One's reaction to this is a matter of preference. For my money, the film's visceral tensions accumulate in inverse proportion to its dramatic plausibility. The strength of one helps to disguise the weakness of the other. There's no real rationale, for instance, for fearing why a bunch of far-removed young'ns up in the Catskills might find Martha, who's shacked up three hours away in upstate New York. One could feasibly argue for her having told the other cult members of her sister and the lakeside idyll to which she and her husband retreat; but if that's the case, we're not shown it. And besides, there are explicit hints that talk of one's past or "the world beyond" is largely precluded from the hermetic tranquillity of the farmhouse.

Still, there's a tension present even beyond the point at which one realises the film is going nowhere. The deliberate decision to treat the two temporal and spatial lines of the narrative with a kind of mutually informing continuity, without an emphasised switch in camera style - both worlds are filtered through Martha's viewpoint as two sides of the same coin intrinsically bound to one another - means that, when the cult turns murderous, its implications permeate Lucy and Ted's ongoing contentment to stay where they are, magnifying a threat to them that likely isn't there in the first place.

Indeed, the realisation that the film isn't quite going anywhere comes attached with another: that any attempt to bring these two worlds together materially (i.e., external to Martha's projections) will be strained and/or forced.
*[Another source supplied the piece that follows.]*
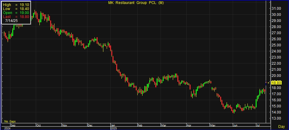 อัพเดต 14 ก.ค. 2568 เวลา 03.08 น. • เผยแพร่ 14 ก.ค. 2568 เวลา 03.08 น. • ข่าวหุ้นธุรกิจออนไลน์ผู้สื่อข่าวรายงานว่า วันนี้ (14 ก.ค.68) ราคาหุ้น บริษัท เอ็มเค เรสโตรองต์ กรุ๊ป จำกัด (มหาชน) หรือ M ณ เวลา 10:03 น. อยู่ที่ระดับ 18.80 บาท บวก 1.40 บาท หรือ 8.05% สูงสุดที่ระดับ 19.10 บาท ต่ำสุดที่ระดับ 18.40 บาท ด้วยมูลค่าการซื้อขาย 51.62 ล้านบาท

You might say this is a case of cleverly matching Martha/Marcy May's recurrent wish to escape whatever situation she's in only for life's monotony to catch up with her - but if this is the case, it seems an all-too-easy formal exercise.

Instead, more interesting questions, transcending that of the cult catching up with her, persist: what are the roots of Martha's fundamental estrangement from contemporary life? what kind of concrete pressures do familial and other relationships present her? what kind of institutional contradictions have served the social withdrawal of a woman whose older sister has created for herself a successful life? to what extent are Martha's observations of Lucy and Ted's acquired inhibitedness true? and, in turn, to what extent is Ted's responding defensive outburst warranted?

The absence of any answers to these questions are doubly disappointing given that the questions themselves form a kind of lingering background to the film and its central character. Never put forth explicitly, their inclusion at all undoes the film dramatically, as it develops with its back to these deeper questions gnawing away at it.

On one level, Durkin's general sensibility carries potential. But if we're right to champion his matter-of-fact treatment of the cult and its appeals, as generally banal by-products of a society accommodating, in particular contexts, the desocialisation of a few willing drop-outs, we ought also to probe further in getting to the bottom of such a phenomenon. In this way, Martha Marcy May Marlene not only relies on its audience's understanding of genre to create for itself some artistic freedom; in finally indulging in the ambiguities arising from such freedom, without constructing a fuller and more nuanced drama, its director inevitably finds himself dependent on such genre traits, returning to them for suggestive and implied shocks that only dull the film's lasting significance.